:: What is expected ::
From the first line of the listing, copy each line exactly until you have included the line with "第15周蔬菜批发价格环比33"; leave out the pictures.

:: Source data ::
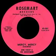 Rosemart Records released "Mercy, Mercy", with the artist name "Don Covay and the Goodtimers", as a single by in August 1964.[9] Producer Abramson's former label Atlantic picked up the distribution and it entered the Billboard Hot 100 on September 5, 1964.[9] The single reached number 35 during a stay of ten weeks on the chart.[9] It was also a best seller in the R&B market, reaching number one on the Cash Box R&B chart (Billboard's R&B chart was suspended at the time).[10]
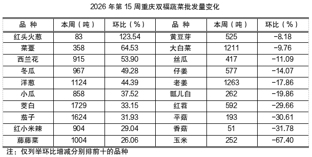 第15周蔬菜批发价格环比33跌7涨1平稳,总体算术批发均价4.45元(为公斤价,以下同),环比下跌9.00%,同比大幅下跌23.67%。总体加权批发均价3.85元,环比明显下跌11.76%,同比大幅下跌20.01%。具体表现,环比跌幅较大的品种及价格变化:花菜2.73元、黄瓜2.46元、小瓜1.87元、茭白3.80元、南瓜2.24元,环比分别骤降37.10%、36.27%、35.29%、33.80%、30.65%;冬瓜1.34元、豇豆6.01元、莴笋1.70元、白萝卜0.70元,环比分别大幅下跌28.72%、24.02%、22.37%、20.45%;大白菜、青椒、茄子、莲花白、仔姜、西兰花、土豆、番茄、丝瓜、四季豆,环比分别明显下跌19.88%、15.95%、15.51%、13.59%、13.31%、12.09%、12.09%、11.79%、11.73%、10.33%。环比涨幅较大的品种及价格变化:平菇7.41元、红头火葱2.82元,环比分别大幅上涨22.68%、20.00%;蒜薹,环比明显上涨11.06%。(增减幅前十位品种见下表)
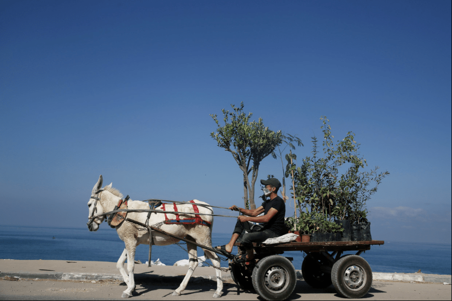 De foto werd gemaakt in de Gazastrook, een explosieve regio – maar is hier iets van geweld te zien? Gelukkig niet. Gaan we door. De Palestijnse man op de bok draagt een mondkapje. Mooi, dan krijgen we daar geen gezanik mee. Hij stoot ook geen surplus aan CO2 uit, want het ontbreekt de kar waarmee hij zijn planten vervoert aan een verbrandingsmotor. In plaats daarvan die ezel, een witte nog wel, behorend tot de leukste en slimste beesten ter wereld.
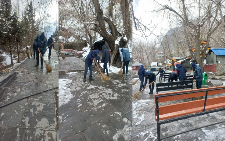 सुरक्षाकर्मीले पन्छ्याए मुक्तिनाथको हिउँ

:: Task answer ::
 Rosemart Records released "Mercy, Mercy", with the artist name "Don Covay and the Goodtimers", as a single by in August 1964.[9] Producer Abramson's former label Atlantic picked up the distribution and it entered the Billboard Hot 100 on September 5, 1964.[9] The single reached number 35 during a stay of ten weeks on the chart.[9] It was also a best seller in the R&B market, reaching number one on the Cash Box R&B chart (Billboard's R&B chart was suspended at the time).[10]
 第15周蔬菜批发价格环比33跌7涨1平稳,总体算术批发均价4.45元(为公斤价,以下同),环比下跌9.00%,同比大幅下跌23.67%。总体加权批发均价3.85元,环比明显下跌11.76%,同比大幅下跌20.01%。具体表现,环比跌幅较大的品种及价格变化:花菜2.73元、黄瓜2.46元、小瓜1.87元、茭白3.80元、南瓜2.24元,环比分别骤降37.10%、36.27%、35.29%、33.80%、30.65%;冬瓜1.34元、豇豆6.01元、莴笋1.70元、白萝卜0.70元,环比分别大幅下跌28.72%、24.02%、22.37%、20.45%;大白菜、青椒、茄子、莲花白、仔姜、西兰花、土豆、番茄、丝瓜、四季豆,环比分别明显下跌19.88%、15.95%、15.51%、13.59%、13.31%、12.09%、12.09%、11.79%、11.73%、10.33%。环比涨幅较大的品种及价格变化:平菇7.41元、红头火葱2.82元,环比分别大幅上涨22.68%、20.00%;蒜薹,环比明显上涨11.06%。(增减幅前十位品种见下表)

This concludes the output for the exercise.